Laurentino Gomes e sua coleção de livros sobre o período imperial do Brasil. Foto: Divulgação.

Os três livros tanto possuem caracterísitcas jornalísticas que o primeiro a ser lançado, 1808, foi vencedor da categoria livro-reportagem do 53º Prêmio Jabuti de Literatura. Uma livro-reportagem é uma vertente da escrita que une o jornalismo à literatura e o autor ainda conseguiu um gancho com a educação. Para tanto, Laurentino se valeu de diversas técnicas que adquiriu durante seus anos como repórter. O método da pesquisa e da leitura de diversas fontes foi essencial para a construção intelectual dele mesmo. Segundo Leonardo, Laurentino Gomes, no livro 1808, afirma que sua obra foi resultado de dez anos de investigação jornalística. Sem isso, ele não poderia transmitir o conhecimento com tanta facilidade através da escrita. Além disso, a presença das personagens, relatos sobre elas e suas influências o curso da história trazem um aspecto de humanização para a leitura. Todos esses últimos aparatos utilizados pelo autor são técnicas aplicáveis tanto para escritores quanto para jornalistas.
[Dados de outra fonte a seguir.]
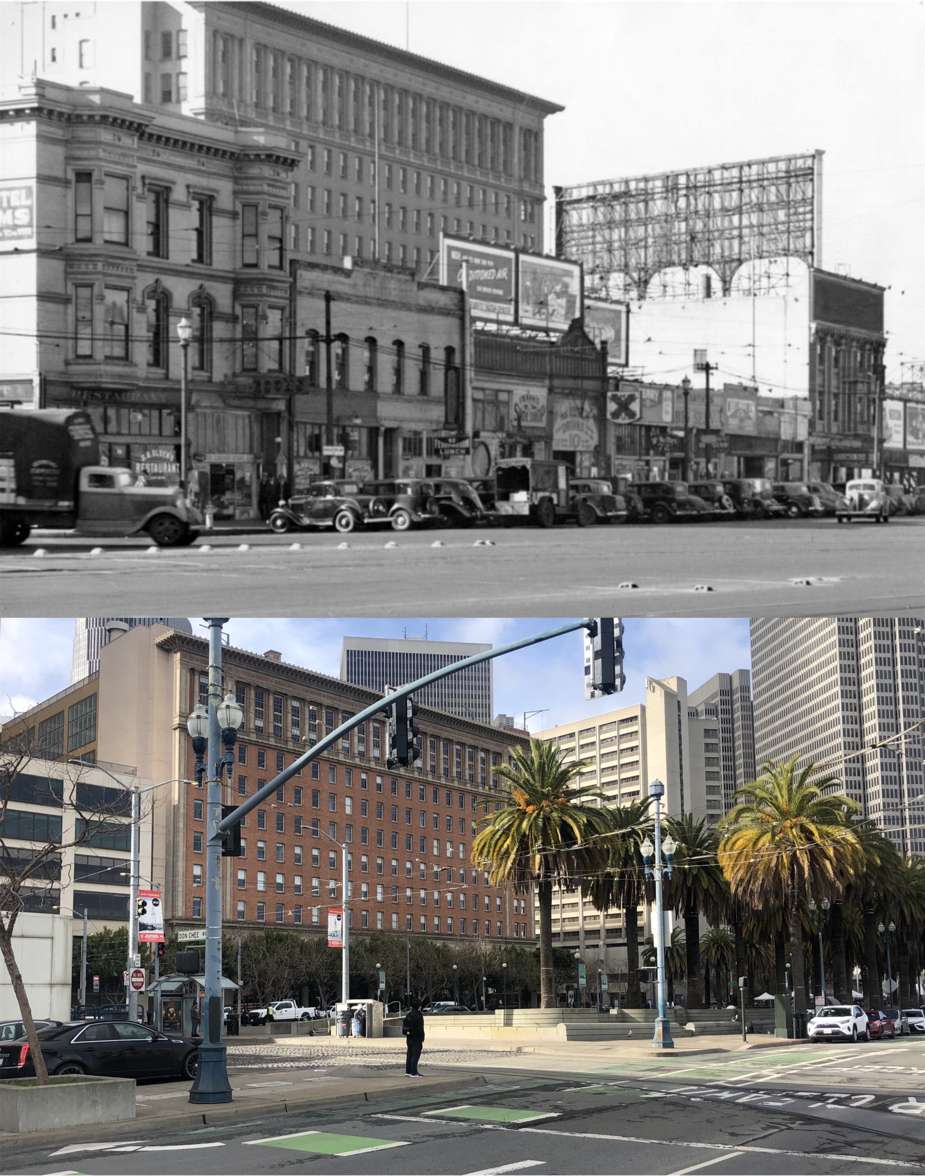 The Chinese New Year Parade, coming up Pine Street near Grant Avenue in 1934, was a much smaller event back then. At the end of Pine Street, at Market Street, you can see the Matson and PG&E Building in both pictures. The enormous Russ Building, once the tallest building in San Francisco, can be seen peeking out on the right in my photo. The little white building with the uneven windows in the foreground on the right is still around.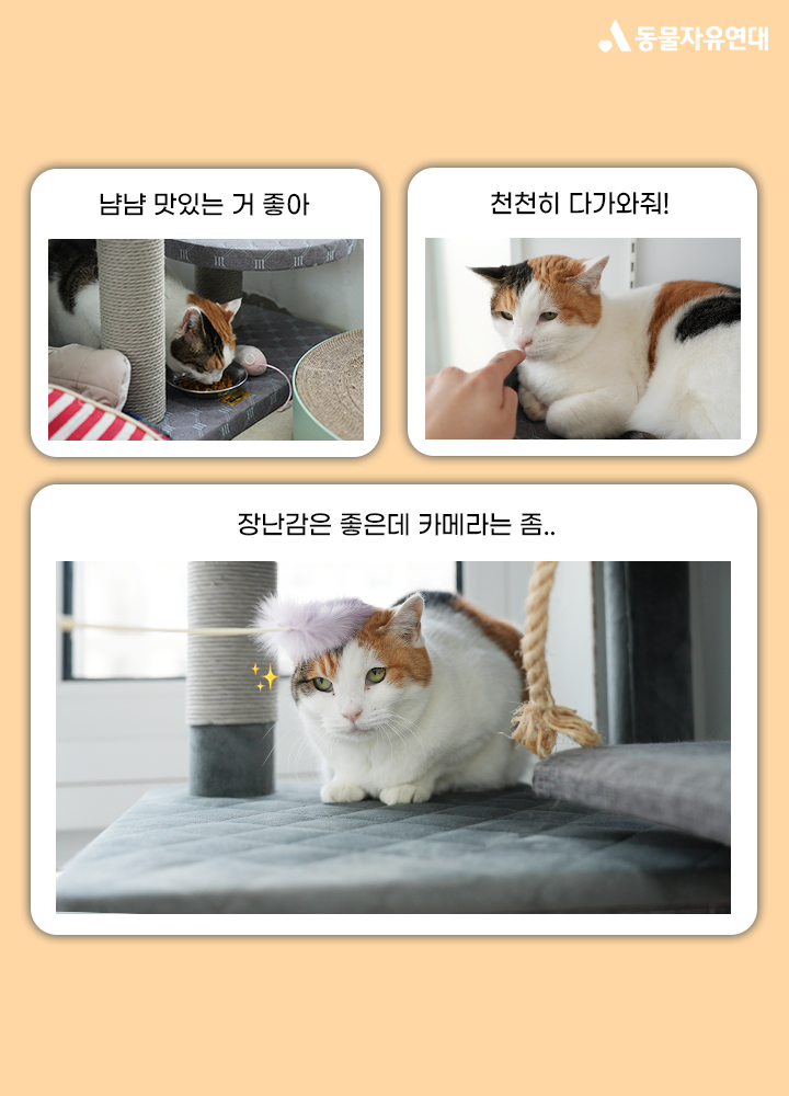 다묘사회성이 좋아 고양이 친구들과 잘 어울려 지내는 순정이의 곁에는 늘 누군가 있습니다.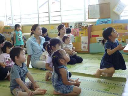 水遊びを楽しんだ後は、じっくり紙芝居に見入っていた子ども達でした。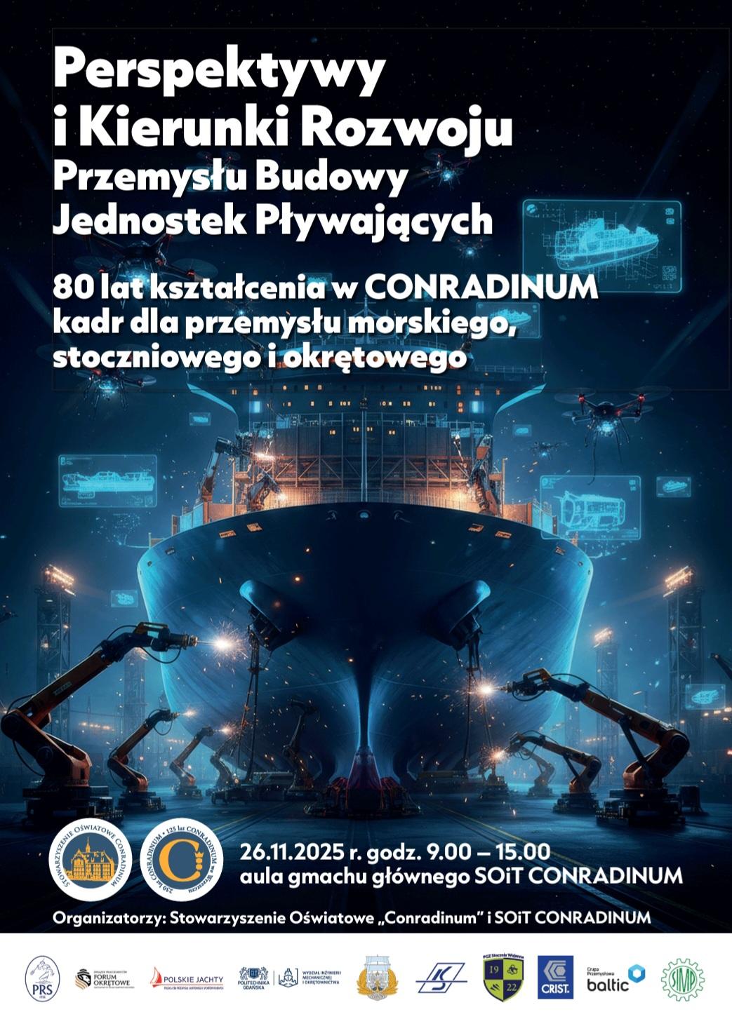 26 listopada 2025 r. z okazji Jubileuszu 80-lecia kształcenia w CONRADINUM kadr dla przemysłu morskiego, stoczniowego i okrętowego odbędzie się u nas konferencja PERSPEKTYWY i KIERUNKI ROZWOJU PRZEMYSŁU BUDOWY JEDNOSTEK PŁYWAJĄCYCH.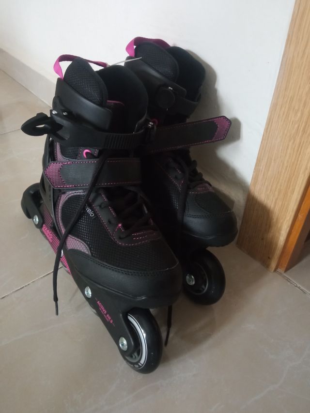 Patines en línea Oxelo en color negro con detalles en rosa. - Cierre con velcro y cordones. - Ruedas de 70 mm. - Talla ajustable. - precio negociable
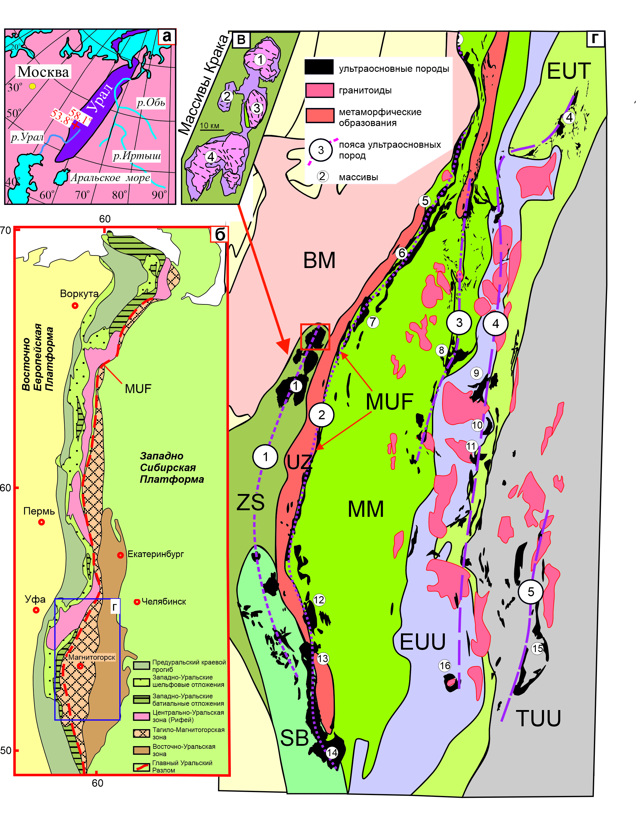 Рис. 1. а – локализация Уральского складчатого пояса; б – схема структурно-тектонического зонирования Урала [13] с дополнениями; в – массивы Крака: 1 – Северный; 2 – Узянский; 3 – Средний; 4 – Южный; г – распространение ультраосновных пород на Южном Урале. Пояса ультраосновных пород: 1 – Западный (Крака–Медногорский); 2 – Зона Главного Уральского разлома; 3 – Миасс-Куликовский; 4 – Казбаево; 5 – Восточный. Массивы ультраосновных пород [13, 17]: 1 – Крака (вкладка “в”); 2 – Уфалей; 3 – Таловский; 4 – Муслюмово; 5 – Нурали; 6 – Калкан; 7 – Миндяк; 8 – Куликовский; 9 – Татищево; 10 – Верблюжьегорский; 11 – Варшавка; 12 – Халилово; 13 – Хабарный; 14 – Кемпирсай; 15 – Аккарга; 16 – Киембай. Цвета выделяют различные структурные зоны: BM – Башкирский мегантиклинорий; EUT – Восточно-Уральский прогиб; EUU – Восточно-Уральское поднятие; MM–Магнитогорская мегазона; MUF – Главный Уральский разлом; SB – Сакмарская котловина; TUU –Зауральское поднятие; ZS – Зилаирский синклинорий.

No mercado dos historiadores, a trilogia 1808, 1822 e 1889 ganhou algumas ressalvas. “Historiadores acusam jornalistas de não fazerem história, por sua vez, jornalistas acusam historiadores de escrever uma história inacessível ao público”. No caso, há uma distinção, nem sempre tão clara, entre a função desses dois profissionais. O historiador aprofunda muito mais a sua análise dos fatos, ao invés de simplesmente expô-los. Ele toma como ponto de partida fontes de pesquisa e a realidade da época, para evitar anacronismos. Por essas razões, o tipo de texto também diverge. Sobre as visões que se têm em relação a isso, Leonardo conclui: “Deve-se compreender que ambos os profissionais são importantes em sua atuação ao divulgar ou analisar a história. O espaço ocupado pelos jornalistas-historiadores ganha mais visibilidade a cada obra lançada, cabe ao historiador avaliar criticamente esse tipo de abordagem”.